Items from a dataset
Start of Block
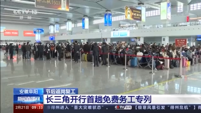 为方便务工人员节后返岗复工,今天(21日)上午,载有800多名务工人员的G7669次专列,从安徽发往宁波,这也是节后长三角地区开行的首趟复工定制专列。
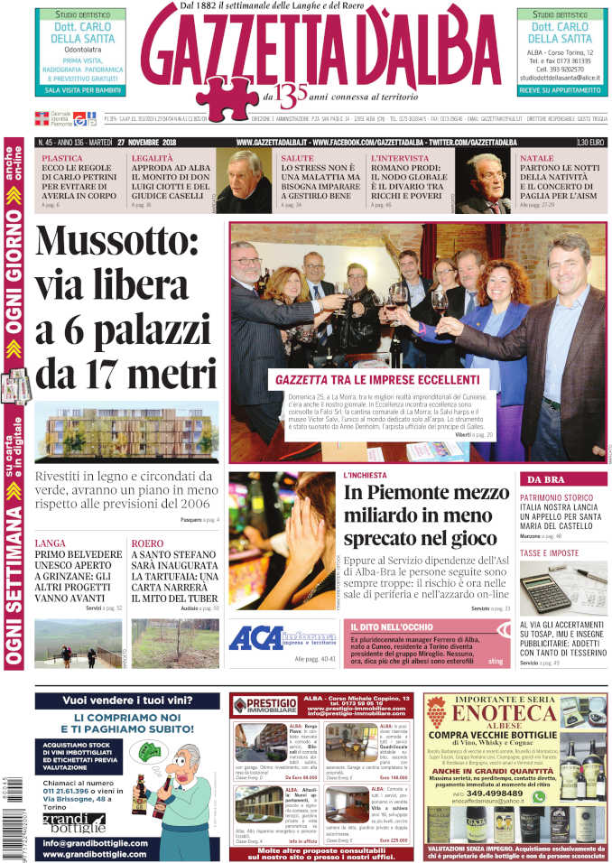 ALBA La prima pagina del numero 45 di Gazzetta d’Alba, che sarà disponibile in edicola e in formato digitale da martedì 27 novembre.
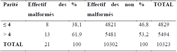 Le tableau suivant montre la survenue d’une malformation congénitale et parité.
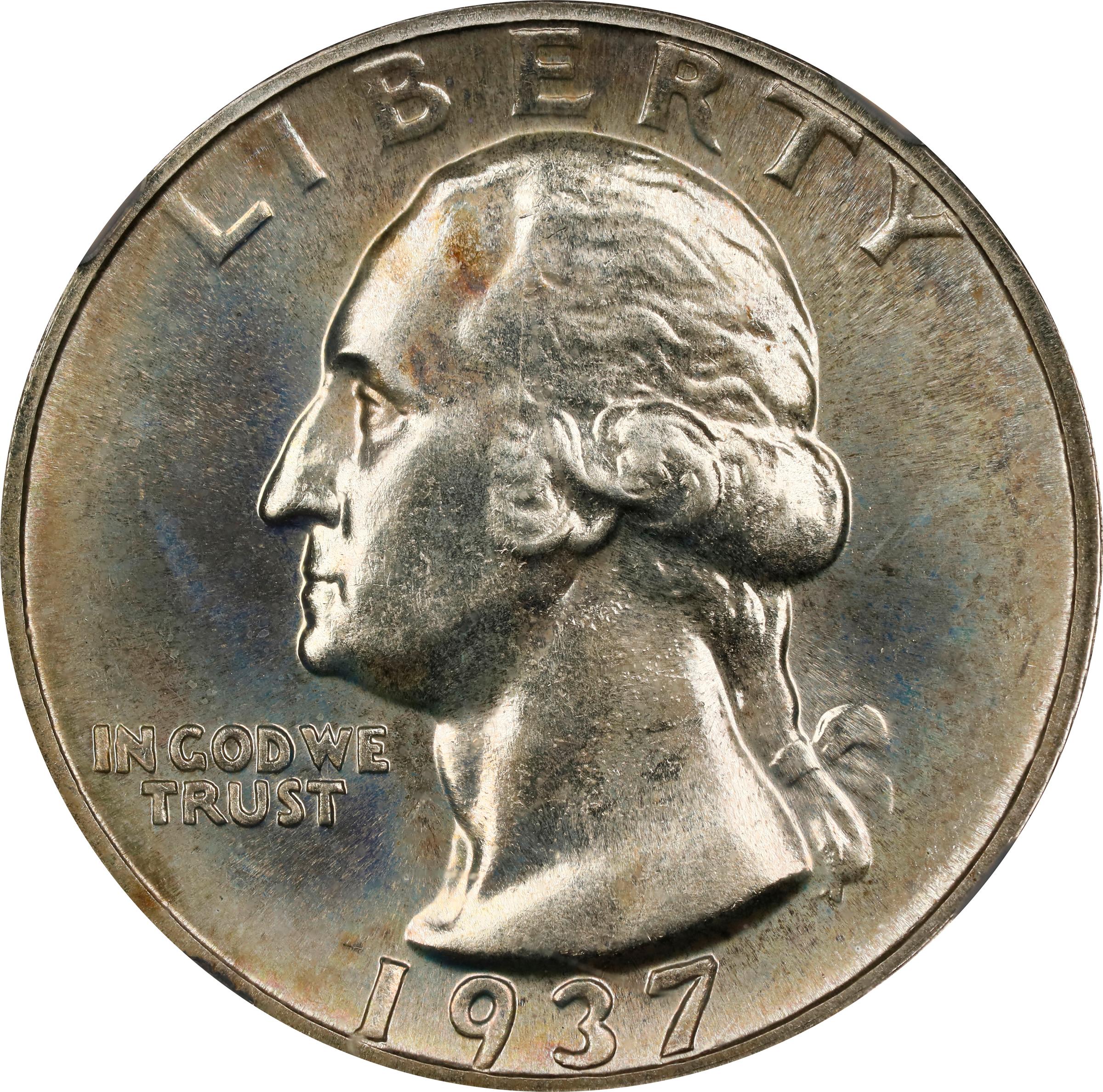- This lightly and attractively toned specimen exhibits sandy-gold tinting that appears to drift toward the borders. Fully struck and essentially pristine, it is difficult for us to imagine a more expertly preserved survivor of this 5,542-piece issue, the scarcest in the Proof Washington quarter series after only the first year 1936.
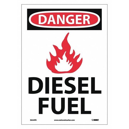NMC D644PB OSHA Sign, Legend "DANGER - DIESEL FUEL" with Graphic, 10" Length x 14" Height, Pressure Sensitive Adhesive Vinyl, Black/Red on White
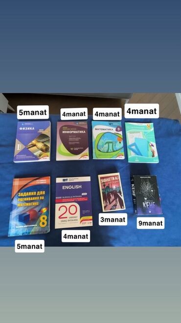 Dərs və hazırlıq üçün müxtəlif fənn kitabları və bədii ədəbiyyat satılır:
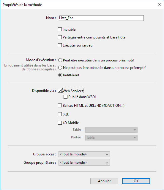 Vous pouvez décider de publier n’importe quelle méthode projet en tant que Service Web, sans modification majeure. La publication est une propriété de la méthode :
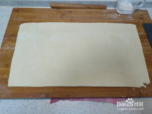 面团醒发好以后取出,放在案板上进行揉面排气,然后擀成0.2厘米厚度的薄片。
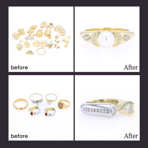 The pure gold from your old jewelry can then be turned into any karat like 14K, 18K, 22K and any color such as yellow, white, rose or even green gold! That means you can have a custom jewelry project created for you with your sentimental family jewelry.
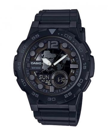 GT260 CASIO STANDARD AEQ-100W-1BV Analog Digital Watch | World Time Map
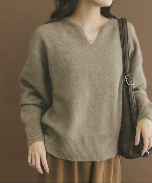 上質なラクーンの毛をブレンドした、柔らかくふんわりとした肌触りが魅力のキーネックニット。首元をすっきり見せるキーネックが、上品な抜け感を演出し、女性らしいデコルテラインを美しく引き立てます。驚くほど軽くて暖かいラクーン素材は、チクチク感が少なく素肌にも心地よい着心地。見た目にもあたたかみのある風合いで、冬の装いを品よく仕上げてくれる一枚です。
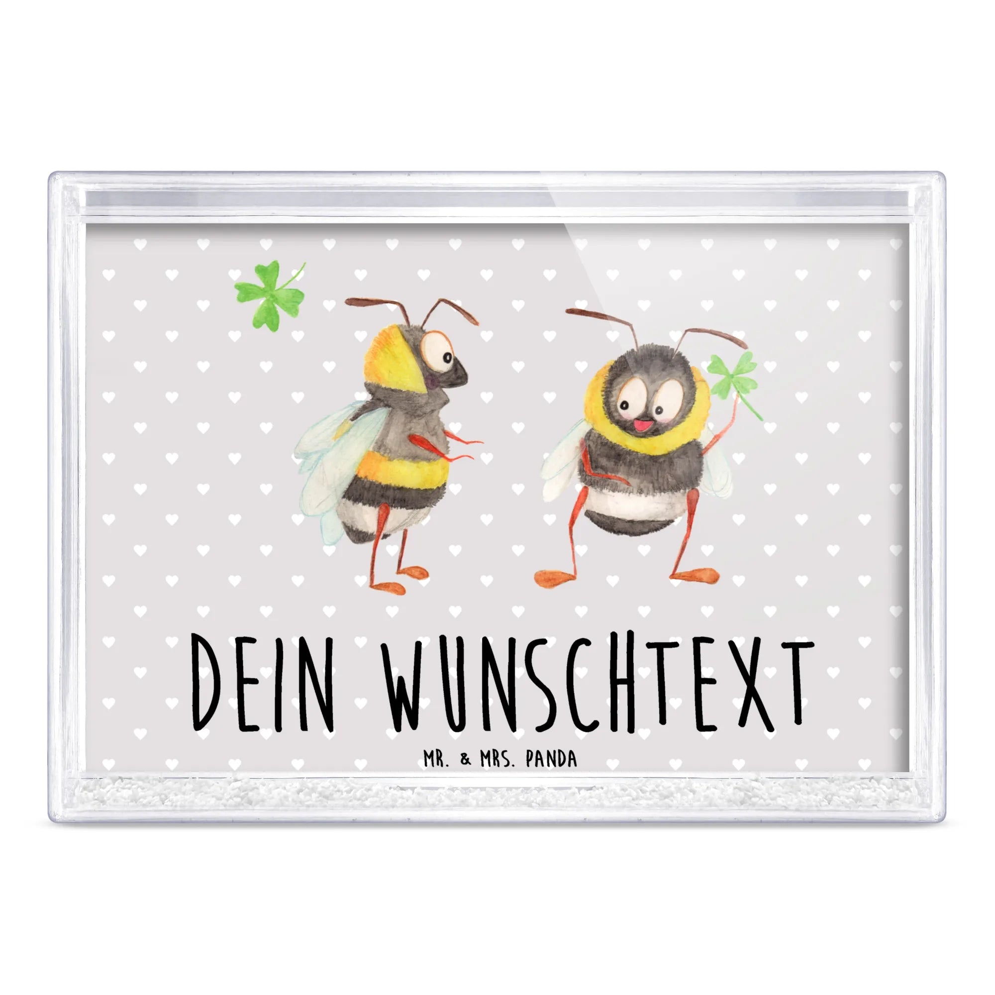 Mit der Möglichkeit, den Schüttelrahmen mit Deinem eigenen Wunschnamen zu personalisieren, wird er zu einem ganz besonderen Unikat, das Herzen höher schlagen lässt. Die Bienen halten ein vierblättriges Kleeblatt – ein Symbol für Glück und Liebe, das perfekt zu den intensiven Gefühlen passt, die Du für Deine*n Liebste*n empfindest.
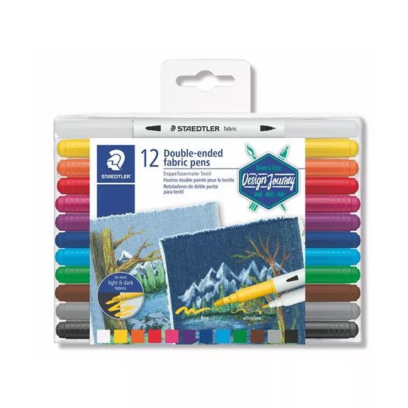 Design Journey - kétvégű textilfilcek, melyek kiválóan alkalmasak a különböző textíliák, mint pl. ruhák, táskák, vászoncipők egyediesítésére. Írásra, rajzolásra és jelölésre egyaránt használhatók. -a legtöbb világos és sötét szövethez -nem szükséges hőkezelés a tinta rögzítéséhez - hagyja a tintát 24 órán át száradni -a nagyobb színlefedettség érdekében a tinta száradása után további rétegeket kell felvinni -a világos szövetek: 60°C-ig moshatók, a sötét szövetek: nem moshatók Gyártó/első EU forgalmazó elérhetősége: STAEDTLER SE Moosäckerstr. 3, 90427 Nuremberg, Germany https://www.staedtler.com/intl/en/service/contact/ http://www.staedtler.com
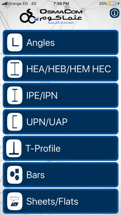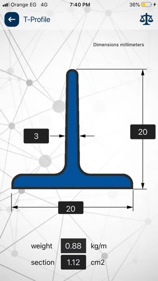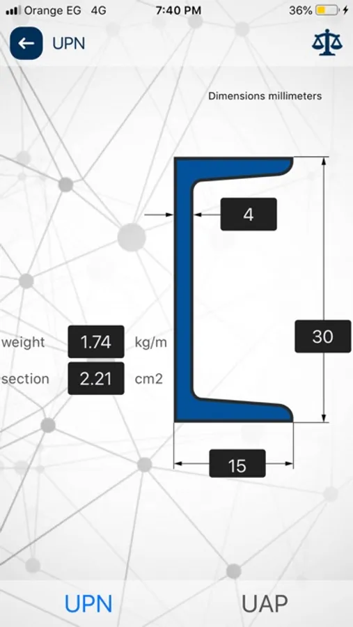 OsmaCom Steel Profiles App for iPhone shows the main dimensions, meter weights cross sections of series IPE, IPN, HEA, HEB, HEM, HEC, UAP and UPN steel beams. Angle iron, plate and steel bar as well as scales to calculate steel flats.
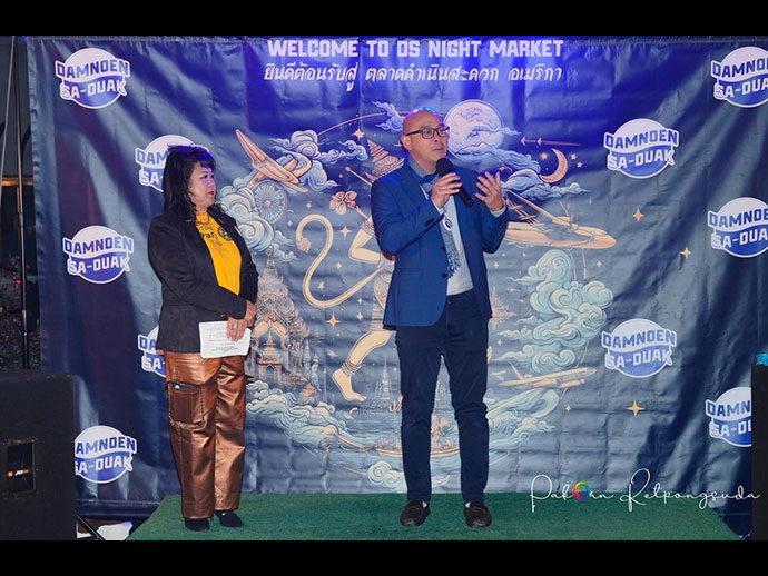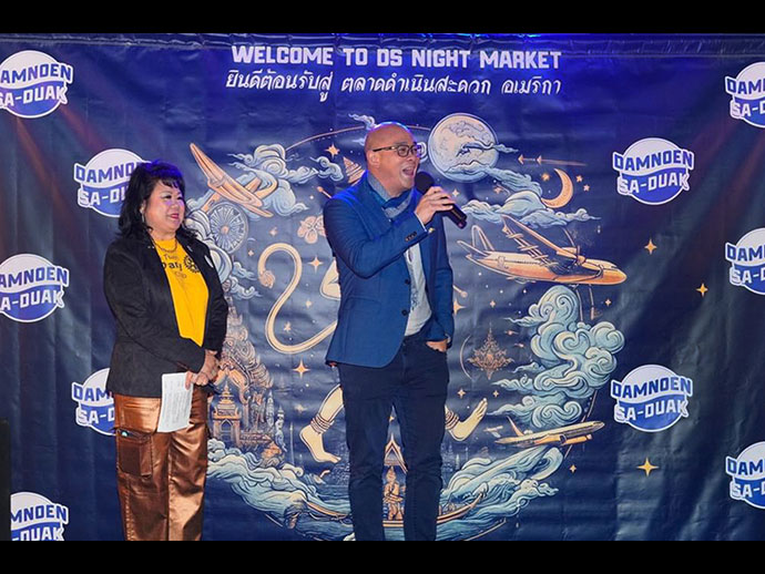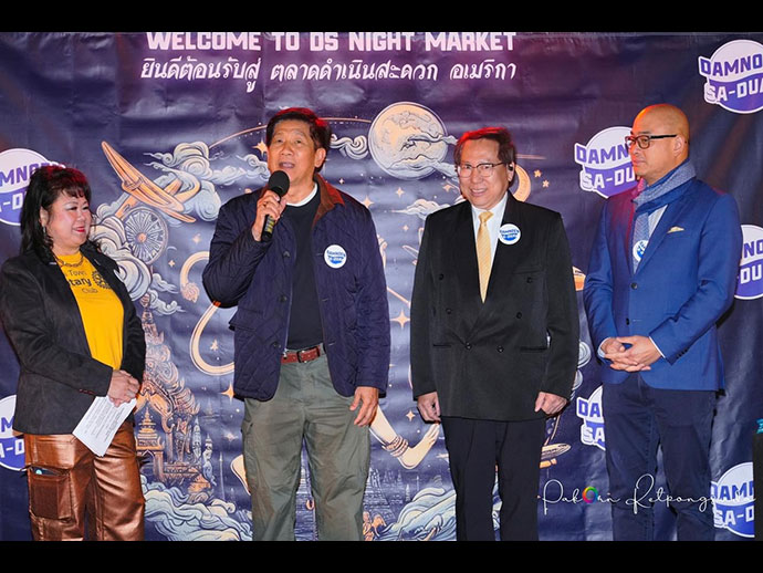 Grand Opening ตลาดดำเนินสะดวก อเมริกา “DAMNOEN SA-DUAK” ได้เปิดอย่างเป็นทางการ เมื่อวันศุกร์ที่ 29 มีนาคม 2024 โดยได้รับเกียรติจากท่านกงสุลใหญ่ต่อ ศรลัมพ์ เป็นประธานเปิดงาน ในบรรยากาศของ “Thai Street Food Market” แห่งใหม่ของแอลเอในนาม “ตลาดดำเนินสะดวก” “DS Night Market” สัมผัสลิ้มลอง อาหาร เครื่องดื่ม และขนม อร่อยถึงใจ เลือกซื้อ สินค้าตลาดนัดหลากชนิดมีให้เลือกมากมาย ตลาดเปิดตั้งแต่เวลา 5 โมงเย็น-5 ทุ่ม โดยจะเปิดทุกวันศุกร์ เสาร์ อาทิตย์ สถานที่ 1100 N Main St, Los Angeles, CA 90012 (เครดิตภาพ : ดอน เจริญสุดใจ, ปกรณ์ เกตุพงศ์สุดา)
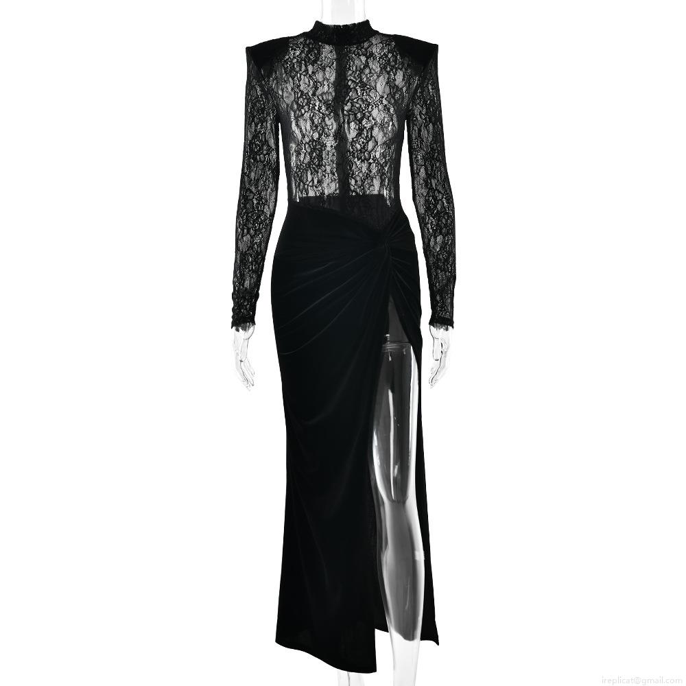 • Women Sexy Black Lace Patchwork Maxi Dress Elegant See-Through Long Sleeve High Slit Velvet Evening Gown For Party Prom Gala
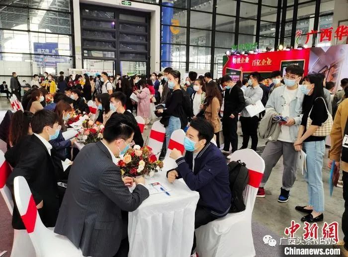 3月13日,2021年春季广西人才交流大会在南宁国际会展中心举办,这是广西今年首场线下超大型招聘活动,提供近5万个岗位。 黄艳梅/摄
End of Block
== Exercise aim ==
Full transcription without images: please go through the records and repeat them exactly.

== Response to the task ==
 为方便务工人员节后返岗复工,今天(21日)上午,载有800多名务工人员的G7669次专列,从安徽发往宁波,这也是节后长三角地区开行的首趟复工定制专列。
 ALBA La prima pagina del numero 45 di Gazzetta d’Alba, che sarà disponibile in edicola e in formato digitale da martedì 27 novembre.
 Le tableau suivant montre la survenue d’une malformation congénitale et parité.
- This lightly and attractively toned specimen exhibits sandy-gold tinting that appears to drift toward the borders. Fully struck and essentially pristine, it is difficult for us to imagine a more expertly preserved survivor of this 5,542-piece issue, the scarcest in the Proof Washington quarter series after only the first year 1936.
NMC D644PB OSHA Sign, Legend "DANGER - DIESEL FUEL" with Graphic, 10" Length x 14" Height, Pressure Sensitive Adhesive Vinyl, Black/Red on White
 Dərs və hazırlıq üçün müxtəlif fənn kitabları və bədii ədəbiyyat satılır:
 Vous pouvez décider de publier n’importe quelle méthode projet en tant que Service Web, sans modification majeure. La publication est une propriété de la méthode :
 面团醒发好以后取出,放在案板上进行揉面排气,然后擀成0.2厘米厚度的薄片。
 The pure gold from your old jewelry can then be turned into any karat like 14K, 18K, 22K and any color such as yellow, white, rose or even green gold! That means you can have a custom jewelry project created for you with your sentimental family jewelry.
 GT260 CASIO STANDARD AEQ-100W-1BV Analog Digital Watch | World Time Map
 上質なラクーンの毛をブレンドした、柔らかくふんわりとした肌触りが魅力のキーネックニット。首元をすっきり見せるキーネックが、上品な抜け感を演出し、女性らしいデコルテラインを美しく引き立てます。驚くほど軽くて暖かいラクーン素材は、チクチク感が少なく素肌にも心地よい着心地。見た目にもあたたかみのある風合いで、冬の装いを品よく仕上げてくれる一枚です。
 Mit der Möglichkeit, den Schüttelrahmen mit Deinem eigenen Wunschnamen zu personalisieren, wird er zu einem ganz besonderen Unikat, das Herzen höher schlagen lässt. Die Bienen halten ein vierblättriges Kleeblatt – ein Symbol für Glück und Liebe, das perfekt zu den intensiven Gefühlen passt, die Du für Deine*n Liebste*n empfindest.
 Design Journey - kétvégű textilfilcek, melyek kiválóan alkalmasak a különböző textíliák, mint pl. ruhák, táskák, vászoncipők egyediesítésére. Írásra, rajzolásra és jelölésre egyaránt használhatók. -a legtöbb világos és sötét szövethez -nem szükséges hőkezelés a tinta rögzítéséhez - hagyja a tintát 24 órán át száradni -a nagyobb színlefedettség érdekében a tinta száradása után további rétegeket kell felvinni -a világos szövetek: 60°C-ig moshatók, a sötét szövetek: nem moshatók Gyártó/első EU forgalmazó elérhetősége: STAEDTLER SE Moosäckerstr. 3, 90427 Nuremberg, Germany https://www.staedtler.com/intl/en/service/contact/ http://www.staedtler.com
 OsmaCom Steel Profiles App for iPhone shows the main dimensions, meter weights cross sections of series IPE, IPN, HEA, HEB, HEM, HEC, UAP and UPN steel beams. Angle iron, plate and steel bar as well as scales to calculate steel flats.
 Grand Opening ตลาดดำเนินสะดวก อเมริกา “DAMNOEN SA-DUAK” ได้เปิดอย่างเป็นทางการ เมื่อวันศุกร์ที่ 29 มีนาคม 2024 โดยได้รับเกียรติจากท่านกงสุลใหญ่ต่อ ศรลัมพ์ เป็นประธานเปิดงาน ในบรรยากาศของ “Thai Street Food Market” แห่งใหม่ของแอลเอในนาม “ตลาดดำเนินสะดวก” “DS Night Market” สัมผัสลิ้มลอง อาหาร เครื่องดื่ม และขนม อร่อยถึงใจ เลือกซื้อ สินค้าตลาดนัดหลากชนิดมีให้เลือกมากมาย ตลาดเปิดตั้งแต่เวลา 5 โมงเย็น-5 ทุ่ม โดยจะเปิดทุกวันศุกร์ เสาร์ อาทิตย์ สถานที่ 1100 N Main St, Los Angeles, CA 90012 (เครดิตภาพ : ดอน เจริญสุดใจ, ปกรณ์ เกตุพงศ์สุดา)
 • Women Sexy Black Lace Patchwork Maxi Dress Elegant See-Through Long Sleeve High Slit Velvet Evening Gown For Party Prom Gala
 3月13日,2021年春季广西人才交流大会在南宁国际会展中心举办,这是广西今年首场线下超大型招聘活动,提供近5万个岗位。 黄艳梅/摄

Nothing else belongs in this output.